Universal finite-size scaling in high-dimensional critical phenomena
Yucheng Liu, Jiwoon Park, Gordon Slade
TL;DR
This work develops a unified finite-size scaling framework for lattice models above their upper critical dimension under periodic boundary conditions by unwrapping finite tori to infinite lattices, yielding a general plateau theorem that ties the scaling window, susceptibility, and two-point plateau to universal exponents governed by the SR upper critical dimension. The authors verify the core hypotheses for long-range self-avoiding walk via the lace expansion and discuss extensions to other models (Ising, $|\varphi|^4$, percolation, branched polymers), establishing model-independent scaling relations and proposing universal profile functions $f(s)$ that interpolate through the critical window. They also address the role of free boundary conditions, conjecturing that the same universal profiles persist around a shifted pseudocritical point, with known proofs for SR Ising and percolation supporting this view.
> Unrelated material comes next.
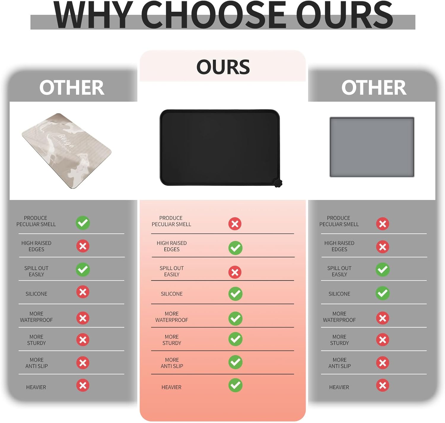 - High-raised edges: say goodbye to messy floors with our mats' high-raised edges that protect your floors from spills and splashes. Keep food and water contained and your floors mess-free

The work connects rigorous high-dimensional FSS with universal profiles, bridging SR and LR physics and providing a rigorous foundation for finite-size effects in a broad class of critical phenomena.
Abstract
We present a new unified theory of critical finite-size scaling for lattice statistical mechanical models with periodic boundary conditions above the upper critical dimension. Our theory is based on recent mathematically rigorous results for linear and branched polymers, multi-component spin systems, and percolation. Both short-range and long-range interactions are included. The universal finite-size scaling is inherited from the scaling of the system unwrapped to the infinite lattice. We also present conjectures for universal scaling profiles for the susceptibility and two-point function plateau in a critical window. For free boundary conditions, the universal scaling has been proven to apply at a pseudocritical point for hierarchical spins, and we conjecture that this holds generally.